Your objective:
Starting at the line that contains "This image of", copy every line to the end of the material below exactly, and omit the pictures.

==============================

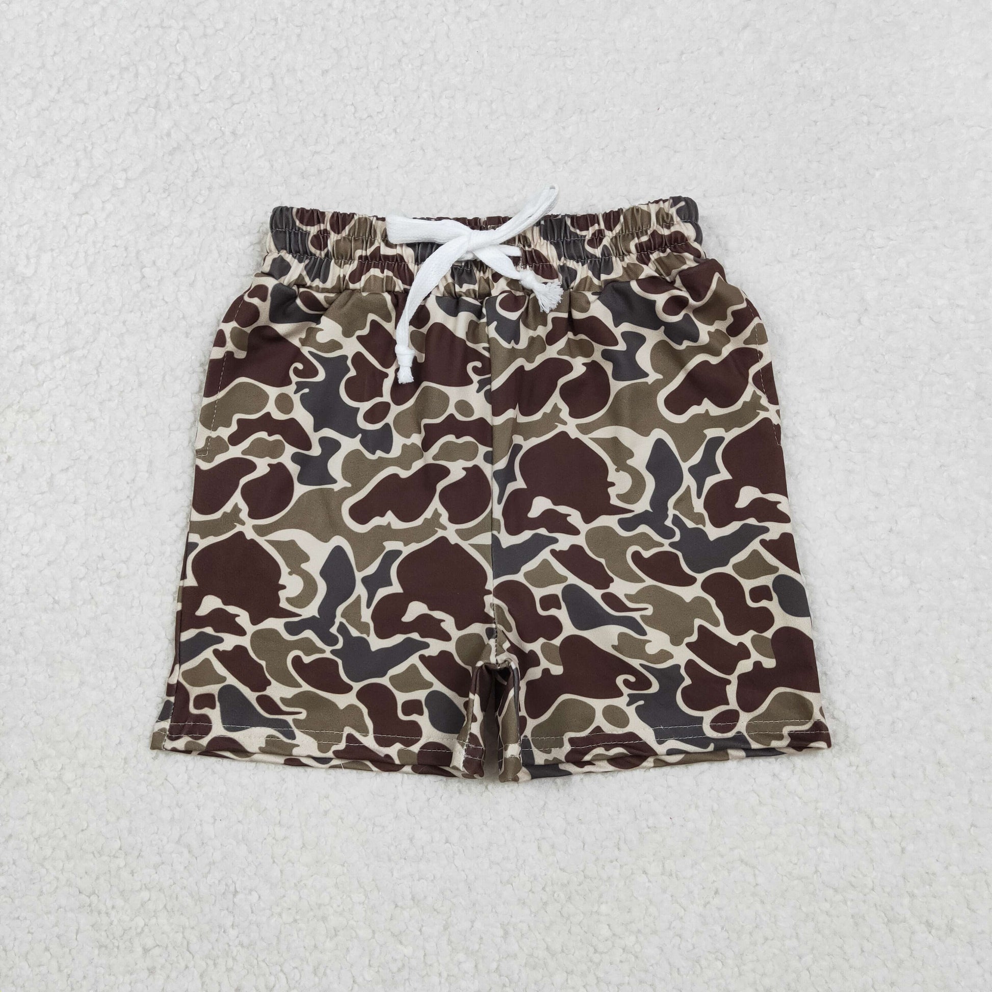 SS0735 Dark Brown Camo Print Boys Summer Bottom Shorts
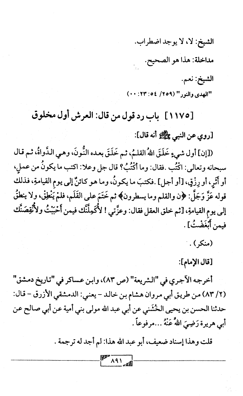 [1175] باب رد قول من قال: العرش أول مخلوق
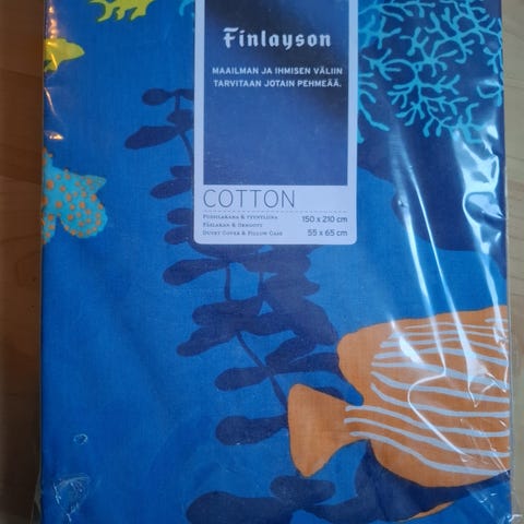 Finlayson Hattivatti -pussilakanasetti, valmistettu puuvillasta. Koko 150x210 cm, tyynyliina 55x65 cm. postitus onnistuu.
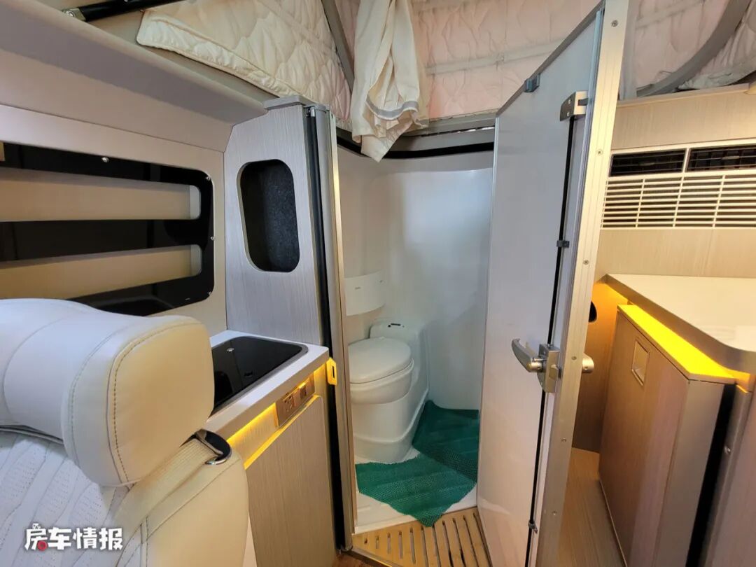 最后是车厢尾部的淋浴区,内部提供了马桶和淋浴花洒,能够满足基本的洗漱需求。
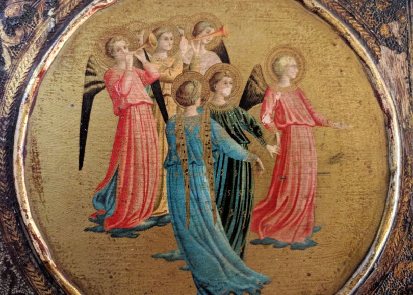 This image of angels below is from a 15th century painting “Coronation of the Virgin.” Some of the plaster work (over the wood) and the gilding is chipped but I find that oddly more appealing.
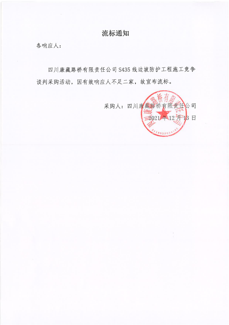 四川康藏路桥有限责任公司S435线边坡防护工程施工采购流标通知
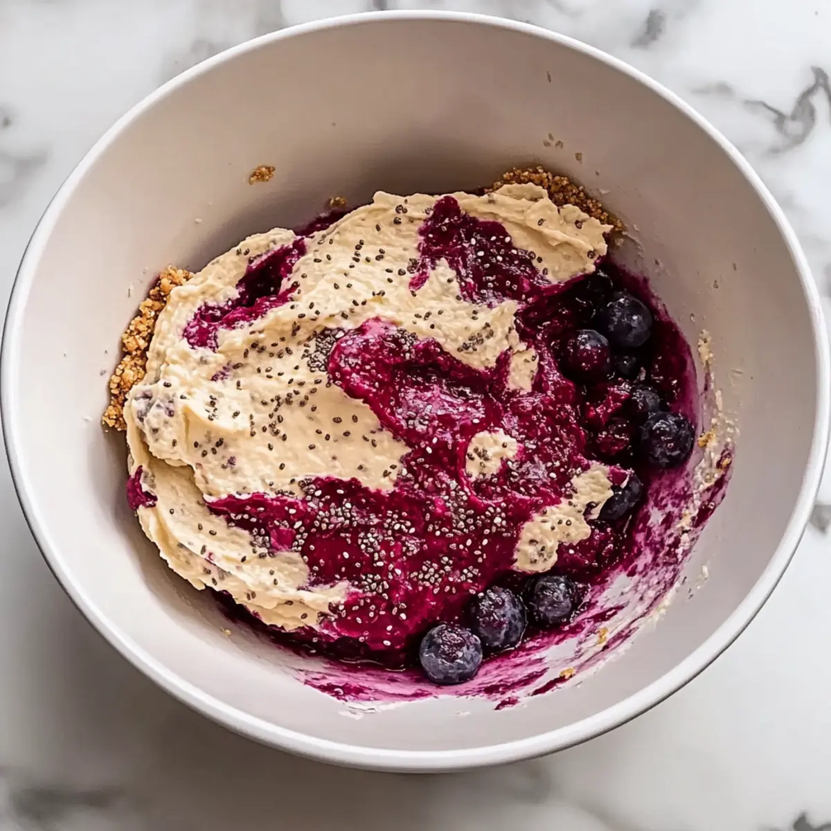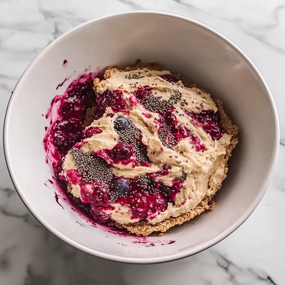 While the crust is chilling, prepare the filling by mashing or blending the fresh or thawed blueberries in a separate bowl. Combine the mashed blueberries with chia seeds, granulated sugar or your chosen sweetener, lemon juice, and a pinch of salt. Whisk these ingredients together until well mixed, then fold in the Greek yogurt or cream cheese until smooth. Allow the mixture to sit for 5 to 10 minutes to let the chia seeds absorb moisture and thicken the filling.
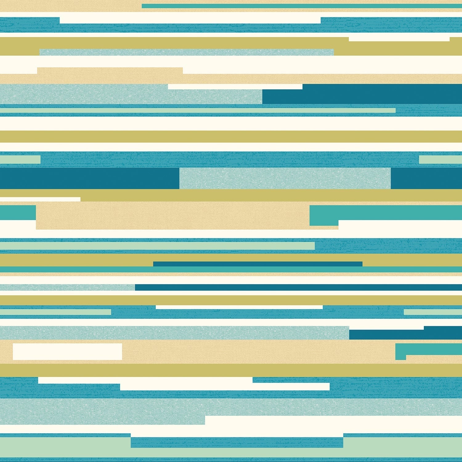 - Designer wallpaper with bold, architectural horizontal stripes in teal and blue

==============================

Output of the task:
 This image of angels below is from a 15th century painting “Coronation of the Virgin.” Some of the plaster work (over the wood) and the gilding is chipped but I find that oddly more appealing.
 四川康藏路桥有限责任公司S435线边坡防护工程施工采购流标通知
 While the crust is chilling, prepare the filling by mashing or blending the fresh or thawed blueberries in a separate bowl. Combine the mashed blueberries with chia seeds, granulated sugar or your chosen sweetener, lemon juice, and a pinch of salt. Whisk these ingredients together until well mixed, then fold in the Greek yogurt or cream cheese until smooth. Allow the mixture to sit for 5 to 10 minutes to let the chia seeds absorb moisture and thicken the filling.
 - Designer wallpaper with bold, architectural horizontal stripes in teal and blue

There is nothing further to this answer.